The present invention generally relates to a virtual cluster architecture and method.
BACKGROUND OF THE INVENTIONThe programmable digital signal processor (DSP) is playing an important role in the system-on-chip (SoC) design as wireless communication and multimedia applications grow. To meet the computation demand, processor designers usually explore the instruction-level parallelism and pipeline the datapath to reduce the critical path delay in datapath and increase the operating frequency. However, the side effect is the increase of instruction latency of the processor.
The pipeline will cause different instruction latencies. That is, a plurality of instructions following an instruction cannot use or know its computation result of that instruction. The processor must dynamically stall the successive dependent instructions or the programmer/compiler must avoid such instruction sequence. However, this leads to the overall performance degradation. There are four factors leading to instruction latency.

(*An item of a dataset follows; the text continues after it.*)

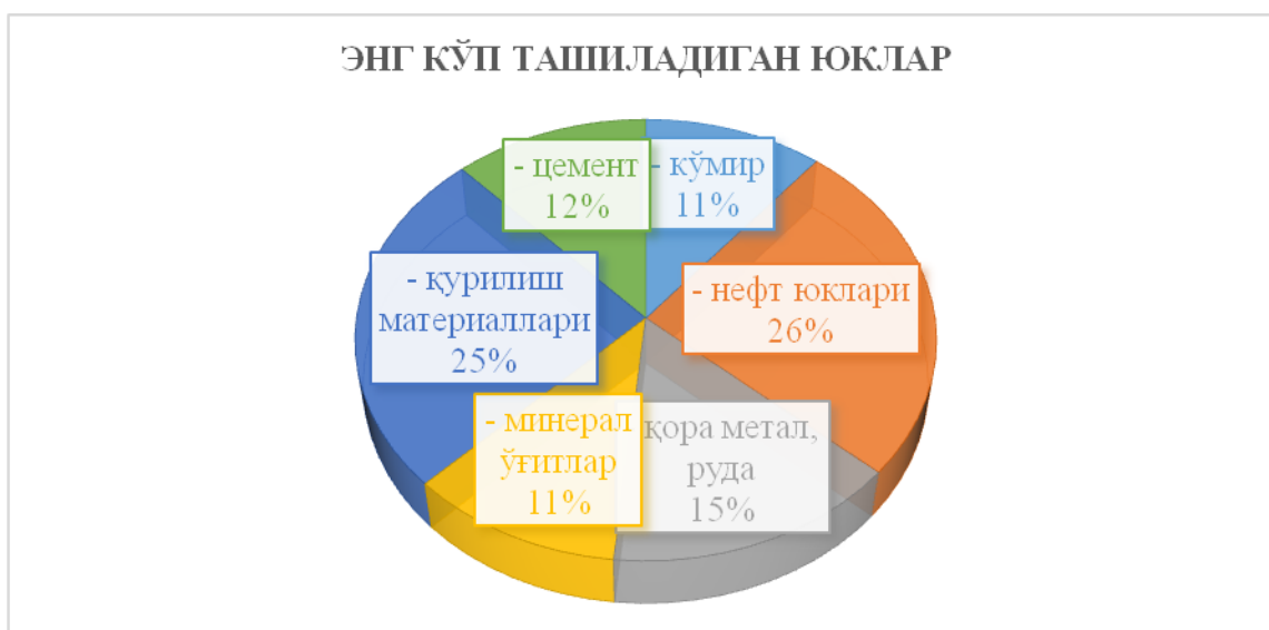
Figure 3. Most transported cargo

(1) the discrepancy of write and read operations on the register file (RF). As shown in the lower part of
(2) the discrepancy of any data production and data consumption if full forwarding is implemented. For example, the third stage (EX) and the fourth stage (MEM) are the major data production and consumption points. That is, most arithmetic logic unit (ALU) instructions consume operands to produce a result at its third pipeline stage. “Load” instructions produce data while “store” instructions consume data at their fourth pipeline stage. When an ALU instruction follows a “load” instruction immediately and wants to use the result of that “load” instruction, it will suffer one-cycle latency.
In other words, even if the processor implements all the possible forwarding or bypassing paths, it is still impossible to eliminate all the instruction latency.

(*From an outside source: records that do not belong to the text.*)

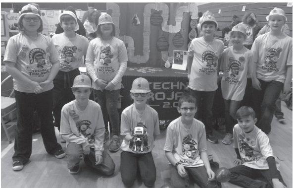
The Fruitport robotics “FIRST Lego League” team , named the “Techno Trojans 2.0”, winners of the Innovative Solution award in 2017.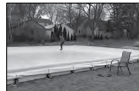
Ice Rink at Sunset Park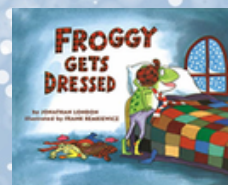
Froggy Gets Dressed by Jonathan London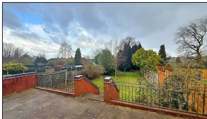
Blackberry Lane, Four Oaks

(3) the memory access latency. All operands for a programmable processor are obtained from memory. However, the memory access speed is not improved as much as the ALU as the semiconductor manufacturing process evolves. Therefore a memory access usually requires a plurality of cycles, and the discrepancy increases as the semiconductor manufacturing process improves. This is even more prominent in the very long instruction word (VLIW) architecture.
(4) the discrepancy of instruction fetch and branch decision points. The processor can identify the flow-changing instruction in the second stage (ID) at the earliest. If it is a conditional branch, it may ascertain the flow (i.e. continue execution or jump to branch point) until the third stage (EXE). This is called branch latency.
As aforementioned, the forwarding mechanism can reduce the instruction latency caused by data dependence. The instructions use the RF as the main data exchange mechanism, and the forwarding mechanism (or bypassing) provides the additional paths between the data producer and data consumer.
The forwarding unit 203 performs the comparison with RF 201 address, and transmits the control signal to all multiplexers 205a-205d prior to the operand-consuming sub-path multiplexers 205a-205d select the RF 201 or the forwarding unit 203 to provide operands 207a, 207b for computation.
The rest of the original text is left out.